Я как на балконе без кариатид.

Ох, как мутит меня! Как мутит.

Ты, что ли, странник? Наверно, ты.

У тебя неправильные черты.

В нашем городе главное не глаза, а рты.

Пошли. Покажу тебе, что тут есть.

Вообще-то город наш — не бог весть...

Ой, сейчас меня вырвет. Ой, я хочу присесть...

Смотри: направо — наш древний храм.

Налево — театр для античных драм.

А здесь мы держим рабов, лопаты и прочий хлам.

За этим классическим портиком — наш Сенат.

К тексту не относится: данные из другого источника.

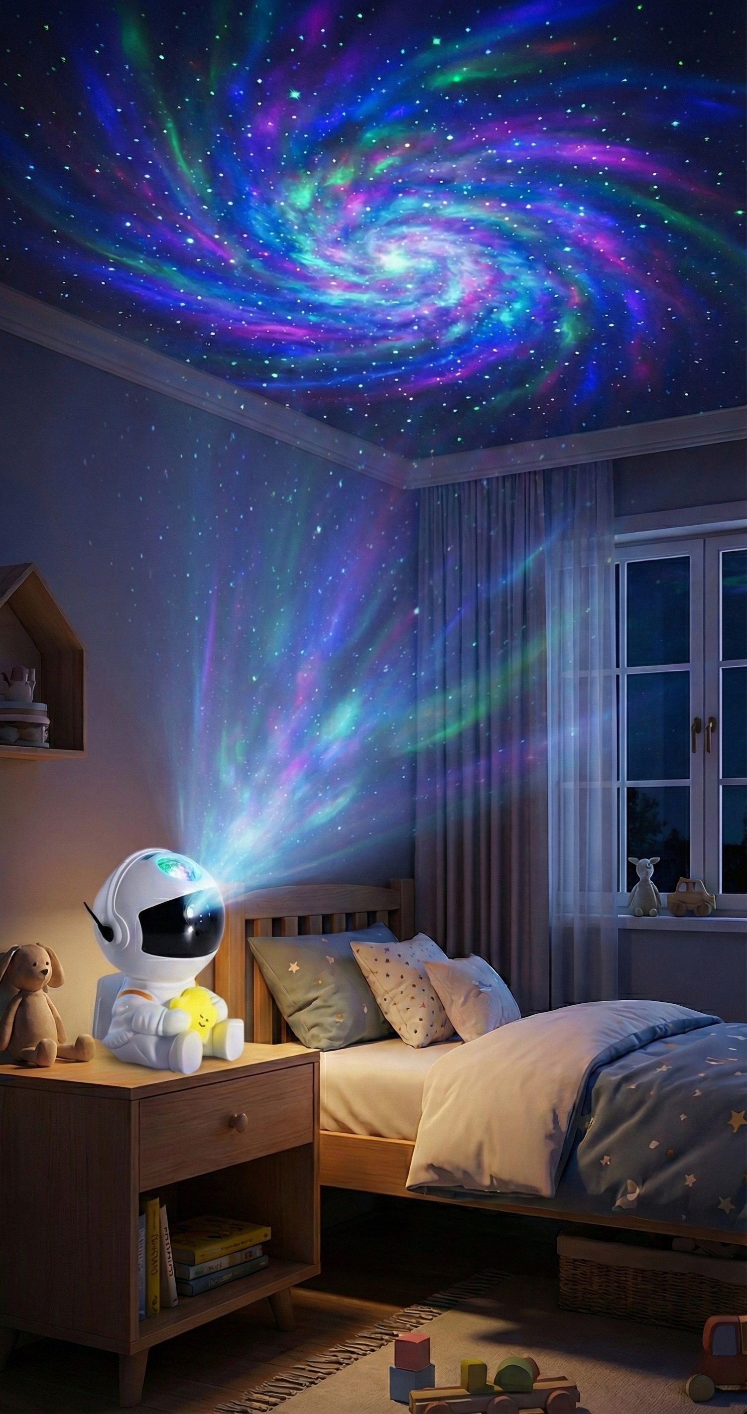 The Astronaut Galaxy Projector instantly fills the room with a magical starry sky. Just plug it in and let galaxies shine on the ceiling no batteries, no setup.
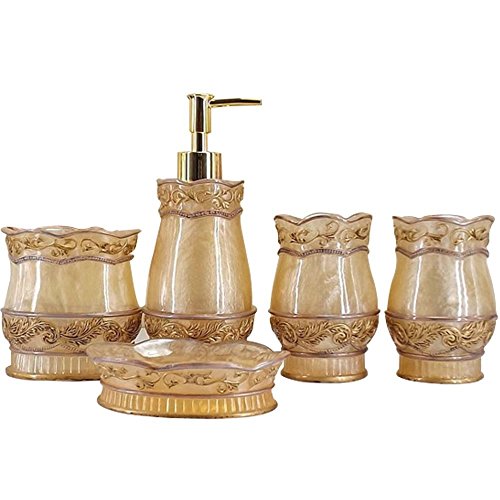 - QUALITY RESIN BATH ACCESSORY; the Marquee 5-Piece Bath Accessory Set is made of durable resin that can easily last a lifetime! Soap remnants don't adhere to the surface of the resin, meaning that you can easily clean up every piece in the set.
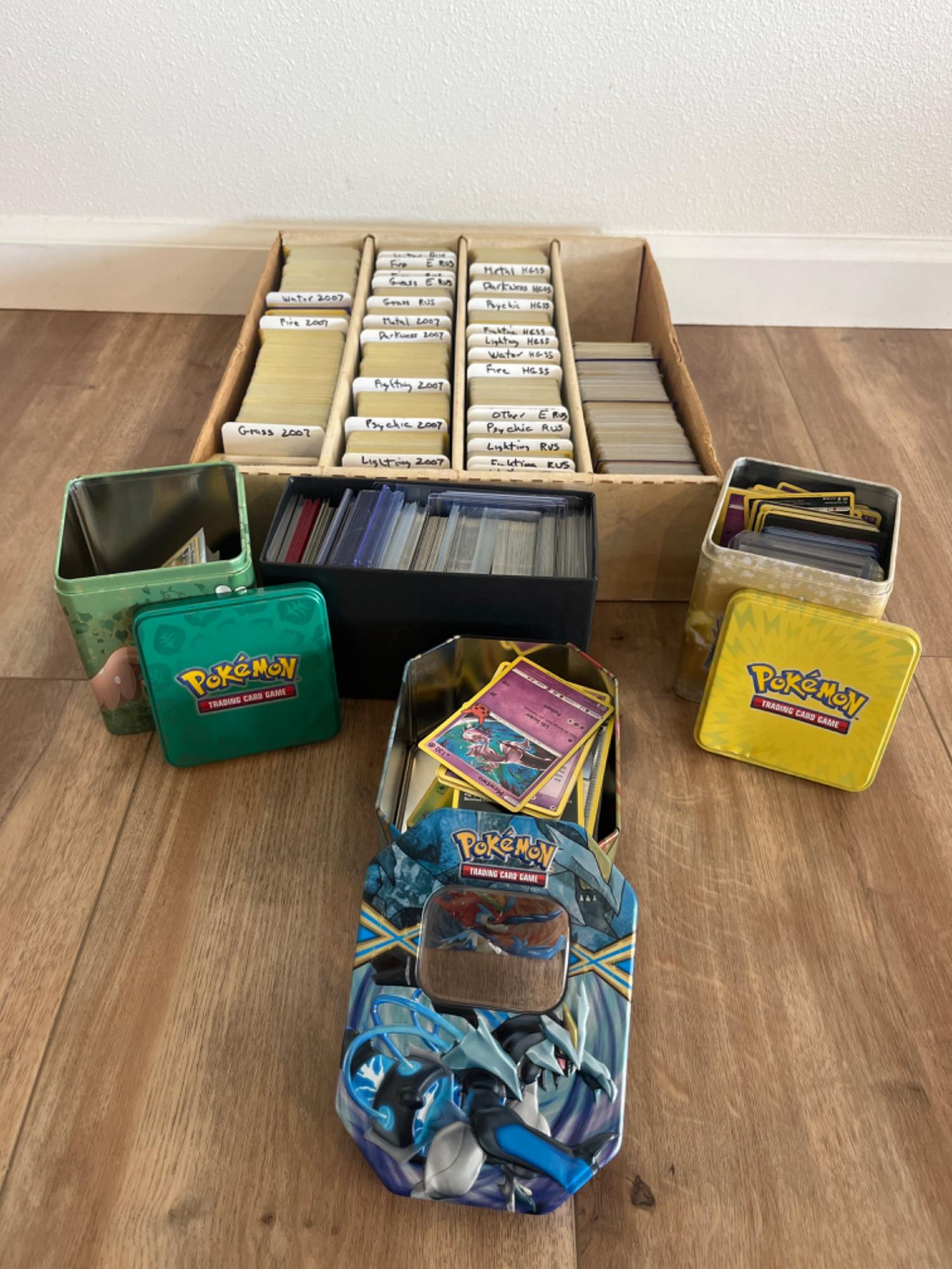 Loads of base, holo, EX, VMax, and more. The big box is all energy cards organized by mostly year and type.

Мы здесь помешались от колоннад

из мрамора, с ультрамарином над.

А это — наш Форум, где иногда

мычат — от слова «мы» — стада

«да» или «нет». Но обычно «да».

Во всяком случае, государь

у нас тот же самый, что был здесь встарь.

И тоже из мрамора. Только в глазах — янтарь.

Ничто здесь не изменилось с той

поры, как объявлен был золотой

век, и история на постой

расположилась у нас. Люди живут, кормя

историю. А другой продукции, окромя

истории, не выпускается. Мы пользуемся тремя

идеями. Первая: лучше дом,

чем поле. Вторая: пастись гуртом

приятно. И третья: не важно, что произойдет потом.

А это — наш древний Форум... Что? Говоришь, уже

проходили. С тобою быть нужно настороже.

Говоришь, тебе нравится буква «ж»?

Что ж, это красивая буква нашего языка.

Она издали смахивает на жука

и гипнотизирует мужика.

А прямо — старинный наш Колизей.

Но христиане со львами сданы в музей.

Хочешь, зайдем повидать друзей?

Это — напротив. Все, что пришло, увы,

из джунглей или из головы,

как христиане или как те же львы,

является будущим. А ему

место в музее. Скорей всего, потому

что история никому

ничего, естественно, не должна.

Так баба, даже обворожена

и даже если дала — все-таки не жена.

Улавливаешь, куда ты попал, дружок?

В этой вазе — народы, стертые в порошок.

А дальше — библиотека; но ей поджог

не грозит. Трудно поджечь ледник.

Я недавно туда проник:

книги стоят, но их не раскрыть. У книг,

стоящих нетронутыми века,

развивается мраморность, и рука

опускается или делает жест «пока».

Видишь ту башню? Ее наклон...

Чего, говоришь, отлить? Вон, у тех колонн.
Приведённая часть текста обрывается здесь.